The byte order varies a bit depending on the software/device that generates it. Those numbers only refer to how the original data is sampled.
The wikipedia is your friend: http://en2.wikipedia.org/wiki/YUV
However, typically 4:2:2 is ordered u1y1v1y2u3y3v3y4u5y5v5y6 …
Note that the wikipedia has this wrong. The way the wikipedia describes it here, it would appear as if the U & V samples align with different luma samples. That is generally NOT the case.
4:2:0 is usually represented in memory in a planar format, one buffer of Y, one of U, one of V, with the U & V buffers being 1/4 the size of the Y buffer.
These formats also don’t specify the number of bits per sample. Typically the sampling is 8-bit for each component, but there may be times when more bits are used to avoid banding, or loss during processing.
4:4:4 would be the YUV equivalent of RGB, One byte for each component per pixel.
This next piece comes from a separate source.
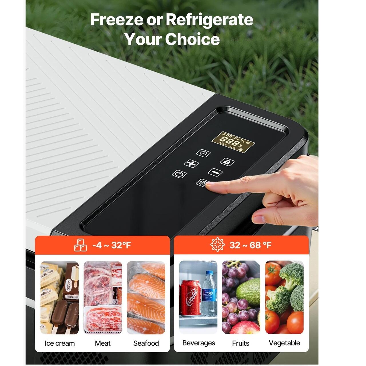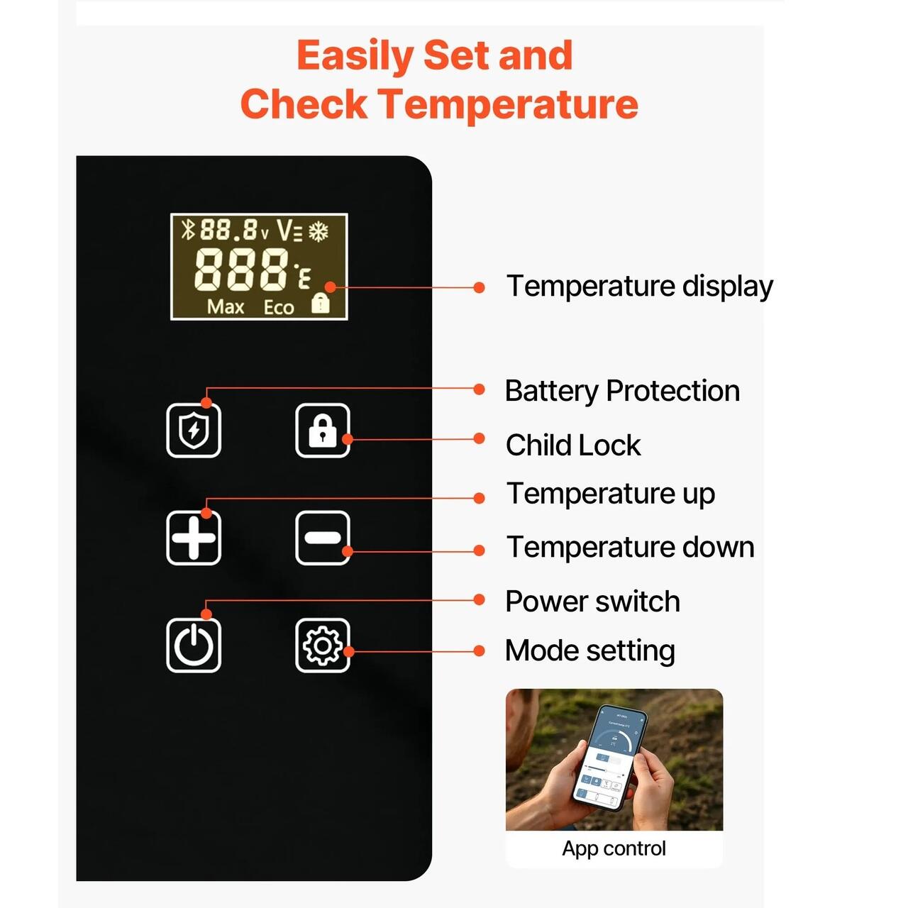 Control tactil precis: Cu un ecran tactil si o aplicatie, congelatorul nostru auto va permite sa reglati fin modurile si sa ajustati temperatura cu precizie. Temperatura interna poate fi vizualizata in orice moment, iar portul USB de sub afisaj adauga o incarcare convenabila a telefonului din mers.

4:2:2 has one sample of Y per pixel, and U & V are sampled at half the horizontal bandwidth, so there are half the samples.
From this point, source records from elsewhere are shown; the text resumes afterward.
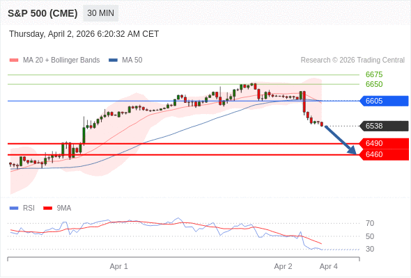 在 6605 之下,看跌,目标价位为 6490 ,然后为 6460 。
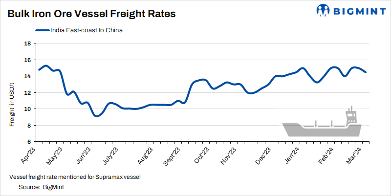 Asia-Pacific Supramax dry bulk (50,000-55,000 t) freight rates for an iron ore vessel from the east coast of India to China were recorded at $14.5/tonne (t) on 6 March, 2024, according to BigMint’s assessment.
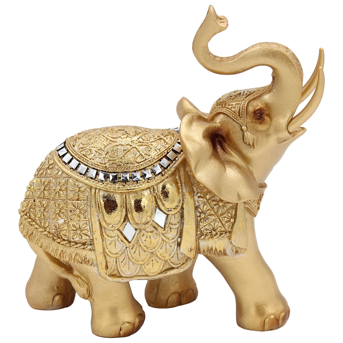 Αυτός ο ελέφαντας διακοσμητικός 15Χ6,5Χ15 εκ. από πολυρητίνη σε χρυσό χρώμα προσφέρει λάμψη και κομψότητα. Μικρός σε μέγεθος, αλλά εντυπωσιακός. Ιδανικός για ράφια και μπουφέδες.
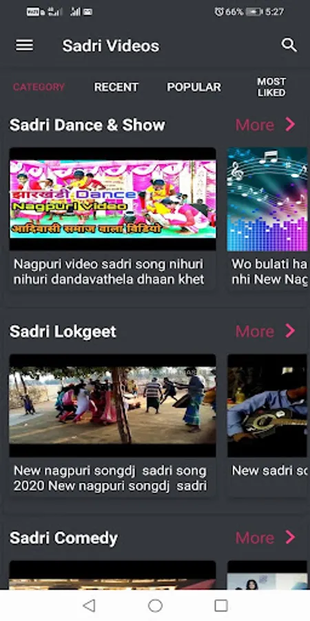 The app also has some selective collection of Nagpuri Videos including nagpuri song, album songs, DJ, comedy along with famous nagpuri lokgeet. Enjoy the traditional culture blended with moder album and movie songs.
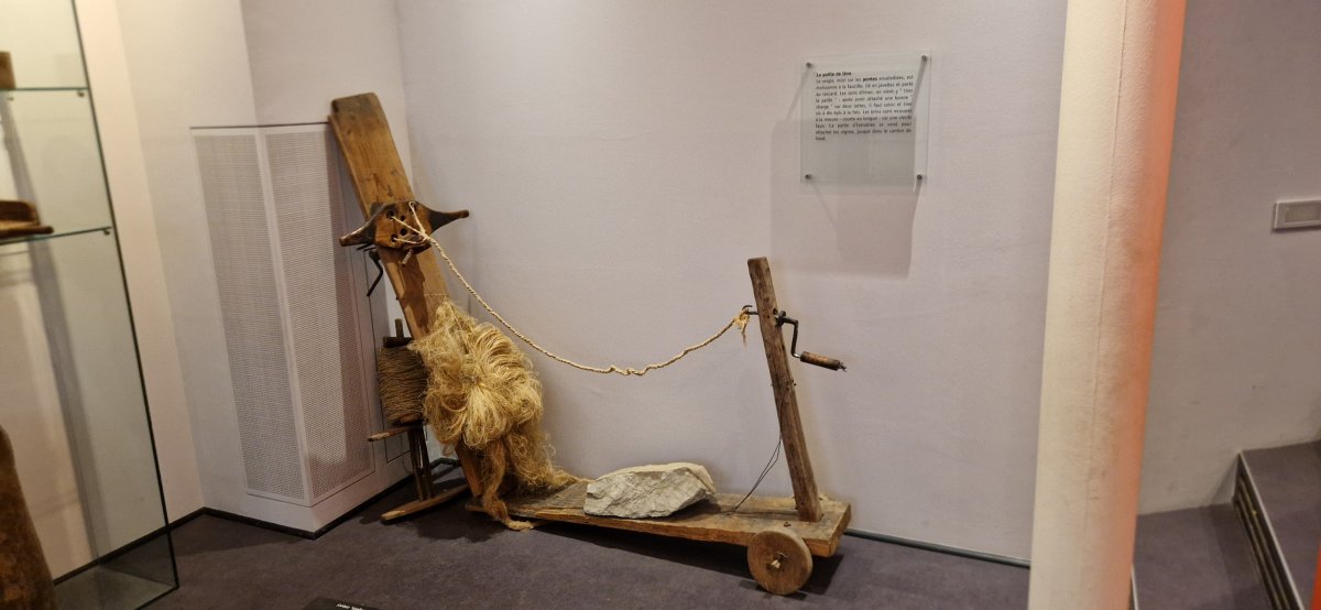 Le musée évoque à l’étage inférieur le blé pour remettre en valeur ce qui a été une vraie richesse locale. Les champs de seigle occupaient une grande partie des terres autour du village qui s’est vu qualifier de « grenier du district de Martigny ». Une particularité, une variété de seigle à la paille spécialement longue, permettait en outre de tirer un bénéfice de celle-ci. L’hiver, on passait des soirées à « tirer la paille », c’est-à-dire préparer et conditionner les brins en ballots réguliers. Ceux-ci se vendaient dans les vignobles jusque sur les bords du lac Léman. Les femmes du village s’y rendaient au printemps comme ouvrières pour les effeuilles. Il paraît que c’était plus facile d’attacher la vigne ainsi car le brin replié sur lui même tient bien plus facilement que le raphia ou les plastiques qu’il faut nouer. L’usage de la paille a disparu avec la généralisation des attaches en métal et son exploitation a cessé à Isérables au milieu du 20e siècle.
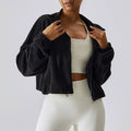 STYLISH STAND COLLAR & CROPPED FIT: The stand collar offers wind-resistant neck coverage with a clean, modern look. Paired with a relaxed cropped silhouette, it visually raises the waistline, creating a longer leg appearance. This flattering cut suits various body types and enables trendy “disappearing bottom” styling with leggings or jeans.
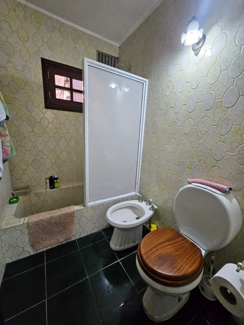 Aberturas de madera con vidrios biselados, calefacción por losa radiante en toda la casa, aire acondicionado split
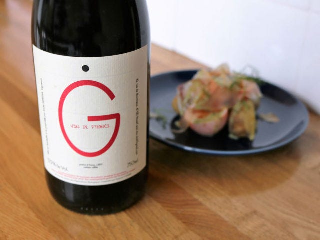 口当たりなめらかなブドウ品種・ガメイを100%使った、フランス産の自然派ワイン「ポワン・ジェ」(写真上)を。イチゴのような酸味と甘みが特徴だ。

4:1:1 is like 4:2:2, but the U & V are sampled at one quarter of the horizontal bandwidth.
4:2:0 has the same amount of samples as 4:1:1, but the U & V are samples at half the bandwidth in both the horizontal and vertical directions, resulting in the same total of 1/4 the numebr of samples as the luma.
There was a really nice diagram on the net that showed all of this, I thought it was in the wikipedia, but I can’t find it now.